Brian Mastenbrook reports a potentially serious security problem with Safari under Leopard, one that he says is confirmed by Apple. Mastenbrook recommends a workaround.

According to Mastenbrook—who has discovered previous security problems, and is known in the Macintosh community—

Apple's Safari browser is vulnerable to an attack that allows a malicious web site to read files on a user's hard drive without user intervention.

Once the malicious user has access, a variety of files might be read, including cookies, with password data, email, passwords, etc. allowing a thief to then use the user's private information to log on to that user's accounts on Web sites. Apple has acknowledged the problem, says Mastebrook.

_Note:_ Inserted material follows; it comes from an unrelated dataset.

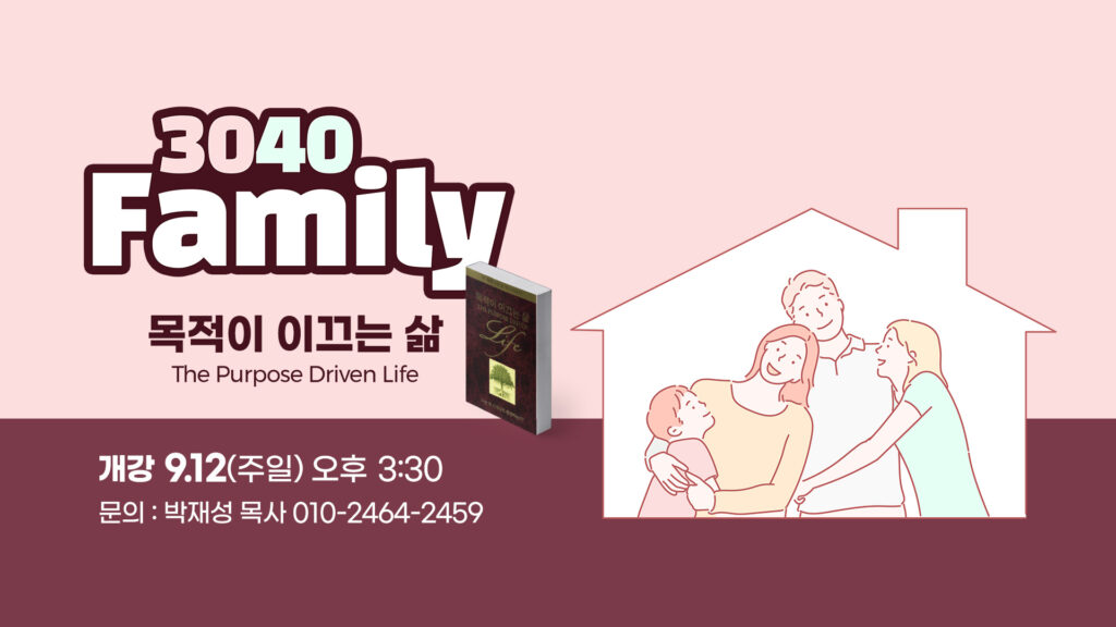 목적이 이끄는 삶 9.12(주일) 오후 3:30 문의: 박재성 목사 010-2464-2459
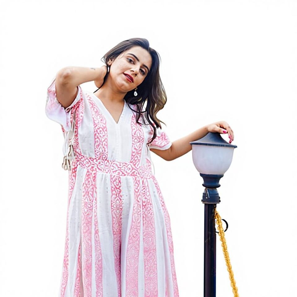 Pink Floral Printed Digital Printing Boho Midi Dress Soft Cotton Feel Summer Long V-Neck Casual Beach Gown

All users of OS X 10.5 Leopard who have not changed their RSS or feed reader application Preference in Safari from the Mac OS X default are potentially affected, whether or not they use RSS feeds, or use a different Web browser. Users of Safari on Windows are also potentially affected if they use Safari for browsing.

The temporary workaround for Mac OS X 10.5 Leopard involves a simple Preference change, and is simple to implement, and to reverse.

1. Open Safari




2. Select Preferences... from the Safari menu.




3. Click the RSS tab from the top of the Preferences window.




4. Click the Default RSS reader pop-up menu




5. Select an application other than Safari even if you do not use RSS feeds, and do not intend to use the application to read them.